Supreme Court Lets Texas Enforce Voter ID Law For Nov. Election
The Supreme Court has refused to block a Texas voter identification law for the November election – the first time in decades that the justices have allowed such a law to stand after a lower federal court had deemed it restrictive and unconstitutional.
The ruling came just after 5 a.m. on Saturday. Three justices dissented.
The Associated Press writes: "The law was struck down by a federal judge last week, but a federal appeals court had put that ruling on hold. The judge found that roughly 600,000 voters, many of them black or Latino, could be turned away at the polls because they lack acceptable identification. Early voting in Texas begins Monday."
NPR's Nina Totenberg tells Weekend Edition Saturday the Texas law is probably "the strictest in the country" but that the Supreme Court fully expects to rule on the constitutionality of the law at a later date.
"For now, the Justice Department has lost a big case," Nina tells WESAT host Scott Simon. "Because in the state of Texas this is going to go forward to the detriment of, probably, many, many voters."
Lyle Denniston of Scotus Blog calls the decision "a stinging defeat for the Obama administration and a number of civil rights groups."
Denniston says: "The Justice Department has indicated that the case is likely to return to the Supreme Court after the appeals court rules. Neither the Fifth Circuit Court's action so far nor the Supreme Court's Saturday order dealt with the issue of the law's constitutionality. The ultimate validity of the law, described by Saturday's dissenters as 'the strictest regime in the country,' probably depends upon Supreme Court review."
Justices Ruth Bader Ginsburg, Sonia Sotomayor and Elena Kagan dissented.
"The greatest threat to public confidence in elections in this case is the prospect of enforcing a purposefully discriminatory law, one that likely imposes an unconstitutional poll tax and risks denying the right to vote to hundreds of thousands of eligible voters," Ginsburg wrote in the dissent.
Ginsburg pointed out that for about 400,000 Texas voters, they'd have to make a three-hour round trip to get the kind of identification that the state would accept at the polls.
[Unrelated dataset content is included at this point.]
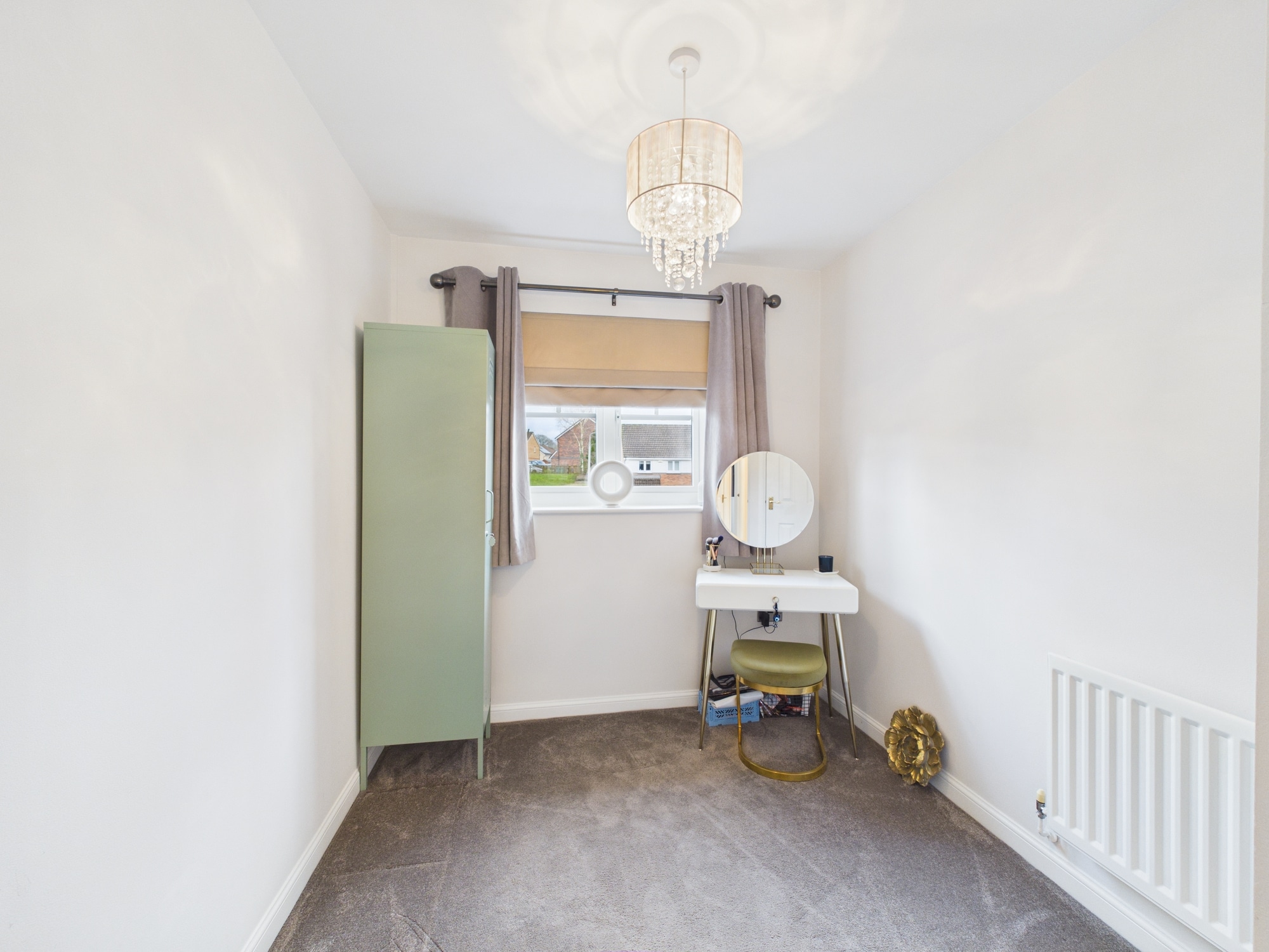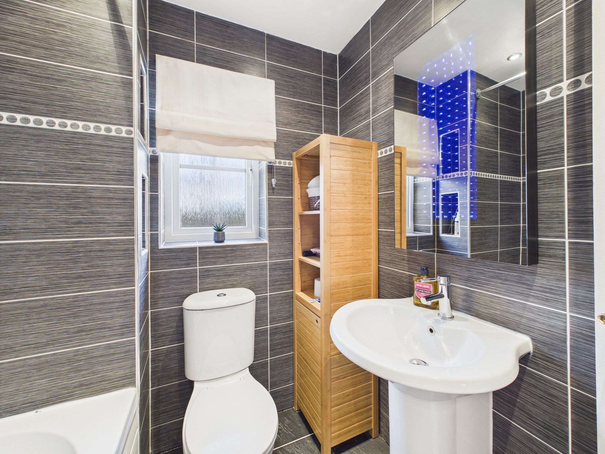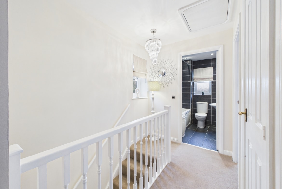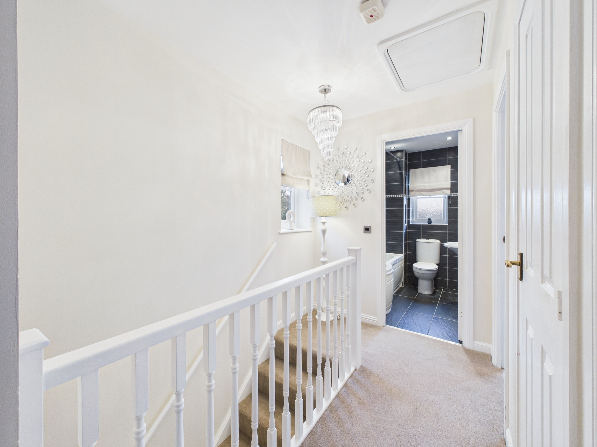 Side facing upper landing with fitted carpet and decorative timber balustrade gives access to three bedrooms, family bathroom, storage and loft hatch. Bedroom one is rear facing with fitted carpet and wardrobes. Bedroom two is front facing with fitted carpet. Bedroom three is again front facing with fitted carpet. Rear facing family bathroom comprising low flush wc, wash hand basin, bath, shower (over bath), decorative alcove, heated towel rail, fully tiled walls and tiled flooring.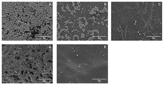 Representative micrographs from the SEM of orthodontic brackets with silver nanoparticles via the method proposed in [33] (2500× magnification): (A) GI, (B) GII, (C) GIII, (D) GIV, (E) GV. For bracket names, please refer to Section 2.1.

The AP says of the Texas law that it "sets out seven forms of approved ID - a list that includes concealed handgun licenses but not college student IDs, which are accepted in other states with similar measures."
Earlier this month, the high court put on hold a similar law in Wisconsin.
The U.S. District Court that ruled the law unconstitutional and compared it to a poll tax in finding that purposely discriminated against minority voters.
Sherrilyn Ifill, president and director-counsel of NAACP's Legal Defense Fund, called Texas' law "an obstacle course designed to discourage voting.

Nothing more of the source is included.